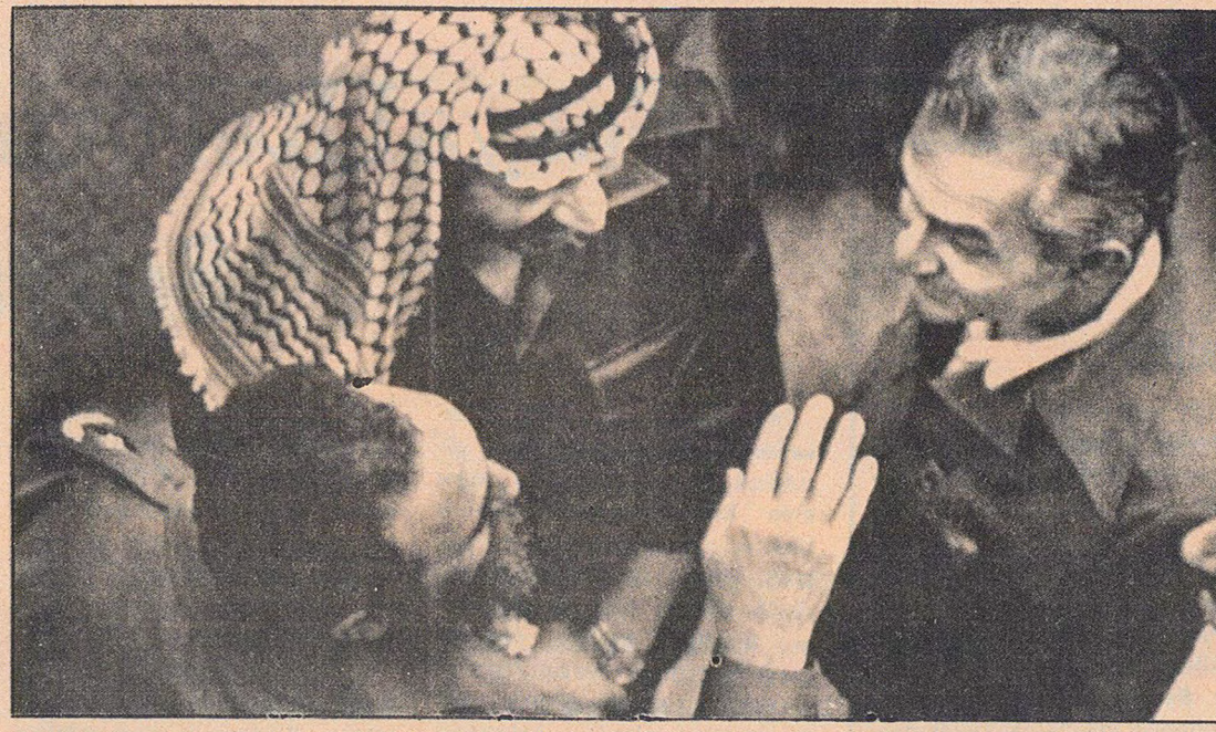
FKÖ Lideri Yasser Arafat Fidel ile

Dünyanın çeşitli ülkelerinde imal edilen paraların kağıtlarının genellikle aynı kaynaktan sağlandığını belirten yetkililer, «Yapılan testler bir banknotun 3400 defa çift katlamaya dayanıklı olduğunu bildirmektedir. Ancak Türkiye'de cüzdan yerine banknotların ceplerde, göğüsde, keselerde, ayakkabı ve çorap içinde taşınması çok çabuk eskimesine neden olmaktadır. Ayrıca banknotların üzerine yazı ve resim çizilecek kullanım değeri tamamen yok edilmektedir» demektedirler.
---
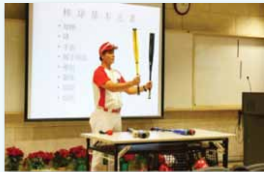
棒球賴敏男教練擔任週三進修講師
==
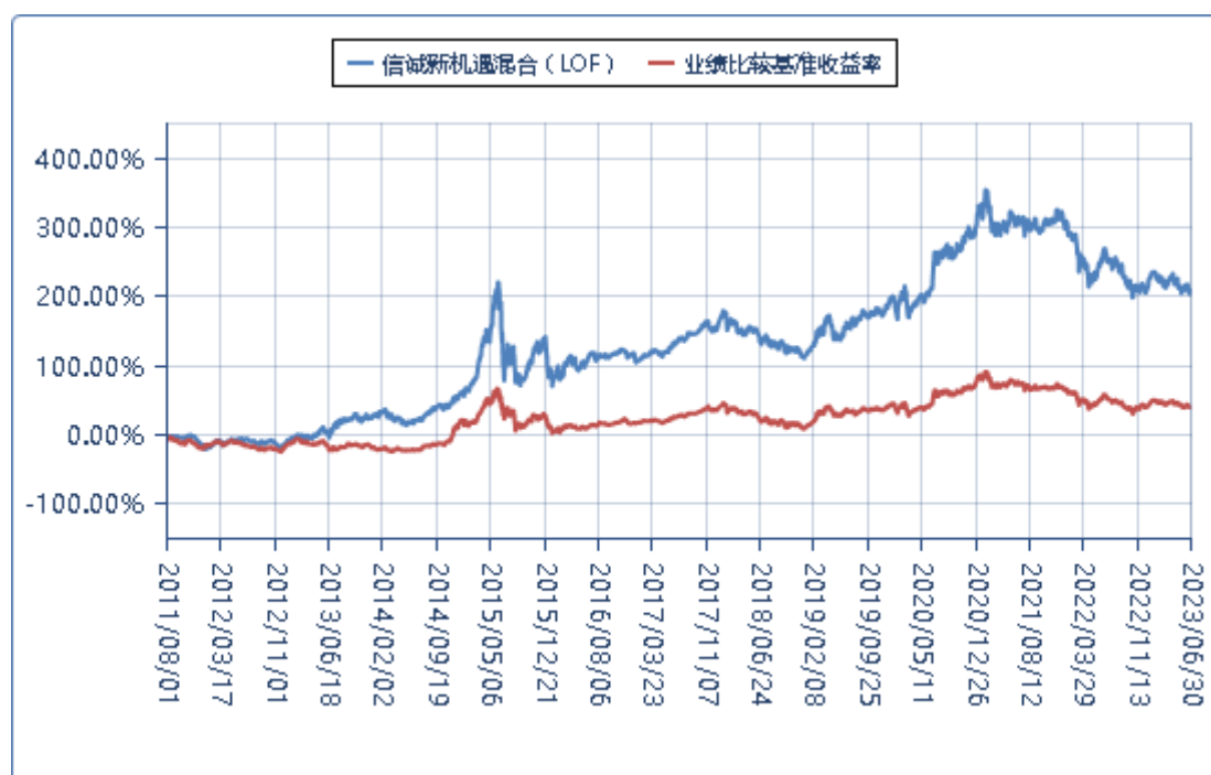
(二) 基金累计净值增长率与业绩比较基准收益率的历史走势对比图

* [About this task] Retype only the lines above between the line with "FKÖ Lideri Yasser Arafat Fidel ile" and the line with "Dünyanın çeşitli ülkelerinde", counting those two lines as well, and keep every character as it is.

* [Answer for the task]
FKÖ Lideri Yasser Arafat Fidel ile

Dünyanın çeşitli ülkelerinde imal edilen paraların kağıtlarının genellikle aynı kaynaktan sağlandığını belirten yetkililer, «Yapılan testler bir banknotun 3400 defa çift katlamaya dayanıklı olduğunu bildirmektedir. Ancak Türkiye'de cüzdan yerine banknotların ceplerde, göğüsde, keselerde, ayakkabı ve çorap içinde taşınması çok çabuk eskimesine neden olmaktadır. Ayrıca banknotların üzerine yazı ve resim çizilecek kullanım değeri tamamen yok edilmektedir» demektedirler.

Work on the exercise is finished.